Per spec/claude/skill-management/ §Gotchas—concrete corrections to non-obvious environment facts the executing agent would otherwise get wrong.

• GITHUB_TOKEN-cascade failures aren't defect. A release-drafter.yml that doesn't fire after an automerge.yaml squash-merge, or a release-cd-refresh-master.yml that doesn't fire after release-publish.yml, is the documented infra class per spec/project/workflow-health/ §Known platform constraints—and the remediation is upstream in nolte/gh-plumbing, not in the consumer repo. Don't open a fix PR against the consumer's workflow YAML; document the infra classification and reference the nolte/gh-plumbing tracking Issue.
• pascalgn/automerge-action exits 0 on mergeResult: 'merge_failed'. A automerge.yaml run with conclusion success whose log carries mergeResult: 'merge_failed' or Failed to merge PR: is a stale pin failure (the reusable's MERGE_METHOD default doesn't match the repo's allowed strategy in some pre-fix versions). Triage the automerge.yaml uses: tag, not the workflow YAML itself.
• Renovate-generated bump PRs for nolte/gh-plumbing aren't automerged in this portfolio.
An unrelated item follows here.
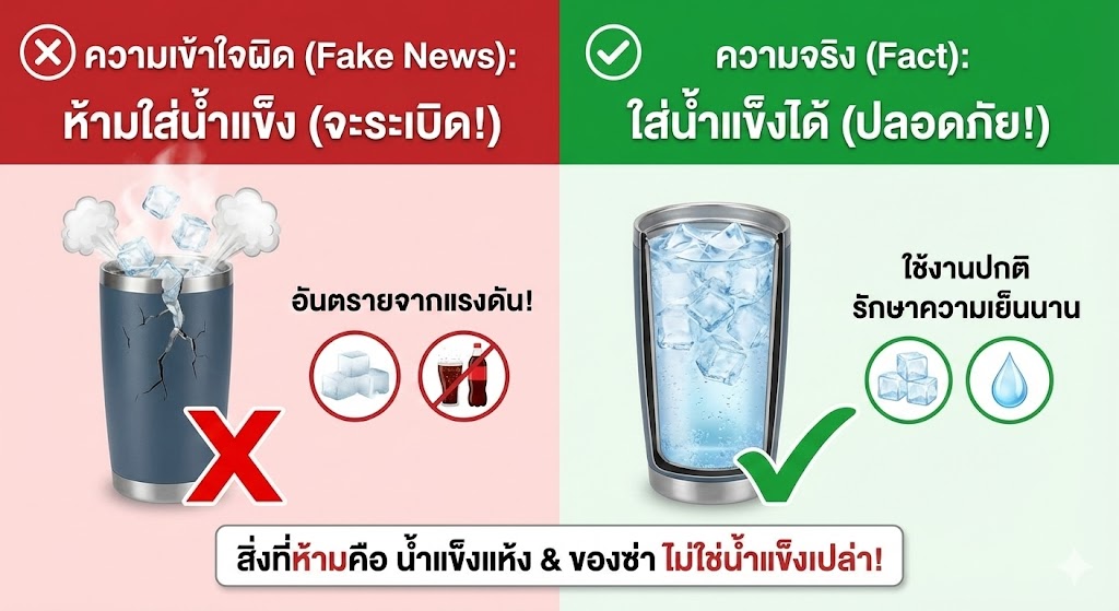 ข้อเท็จจริงคือ “กระบอกหรือแก้วเก็บอุณหภูมิส่วนใหญ่สามารถใส่น้ำแข็งได้” การแชร์ว่าห้ามใส่น้ำแข็งในกระบอก/แก้วเก็บอุณหภูมิทุกชนิดเพราะจะระเบิดหรือเป็นอันตราย ถือเป็นข้อมูลคลาดเคลื่อนและเข้าข่ายข่าวปลอม (Fake News) สิ่งที่ผู้ใช้ต้องระวังจริงๆ คือห้ามใส่น้ำแข็งแห้ง (Dry Ice) ห้ามใส่น้ำอัดลมหรือของเหลวที่บูดเสียแล้วเกิดแก๊สในภาชนะปิด และควรเว้นพื้นที่ว่างไม่เติมจนแน่น รวมถึงอ่านคำเตือนในคู่มือผู้ผลิตของแต่ละรุ่นก่อนใช้เสมอ
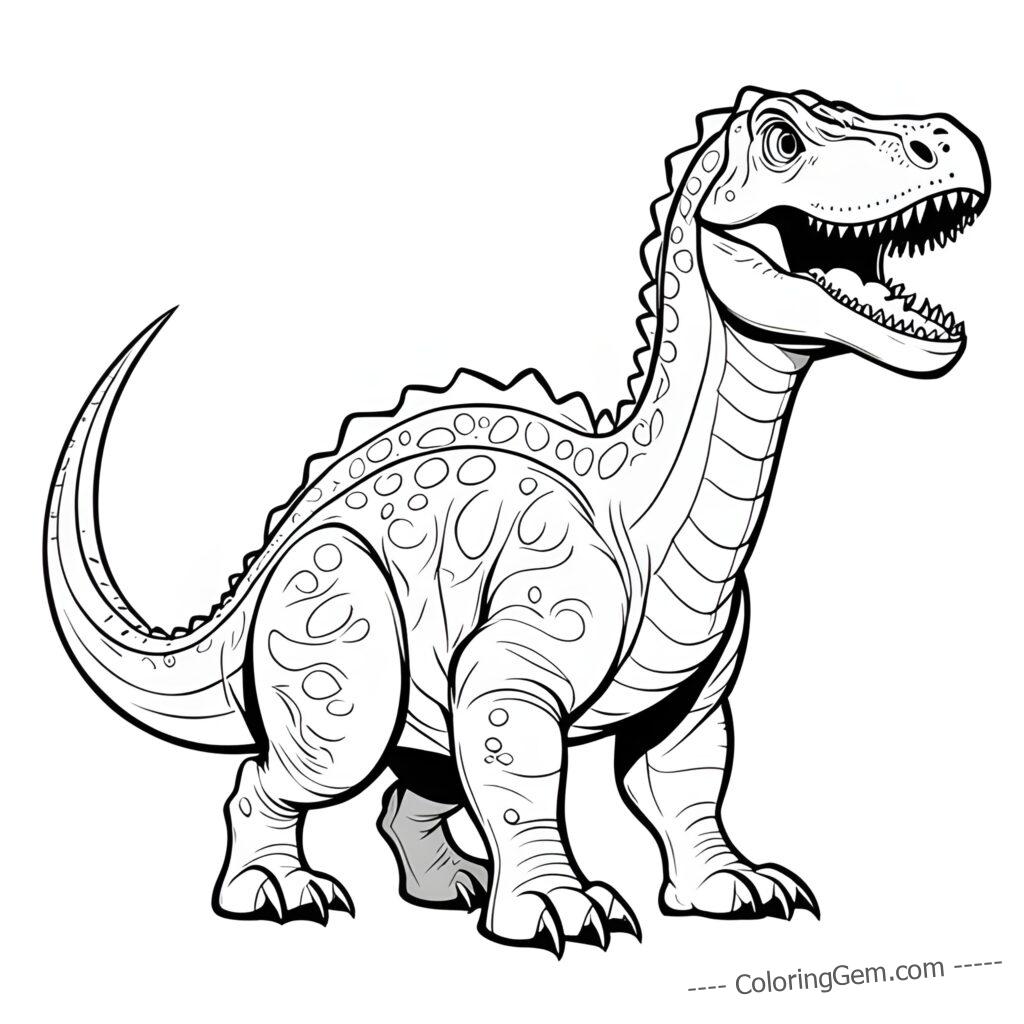 Colouring page The dinosaur's jagged teeth glinted menacingly. Its powerful legs, firmly planted on the ground, held its massive body steady.

A stale pin remediation that proposes to enable Renovate automerge for nolte/gh-plumbing violates workflow-health §Upstream drift and the AC against it. The remediation is a human-acknowledged Renovate PR, not an automerge rule.
• flake without reproducible evidence is defect. A "let's just re-run and hope" reflex is exactly what the spec forbids. If the same headSha doesn't re-run cleanly green and no infra signal explains the first failure, the class is defect and the work is a fix, not a tracking entry.

Multi-model testing

Examples and operations in this skill are verified on Claude Sonnet 4.6 as the default model; spot-checked on Haiku 4.5 for cost-sensitive runs; Opus 4.7 is appropriate for high-stakes audits that require deeper reasoning. The skill body has no model-specific assumptions beyond standard tool-call semantics.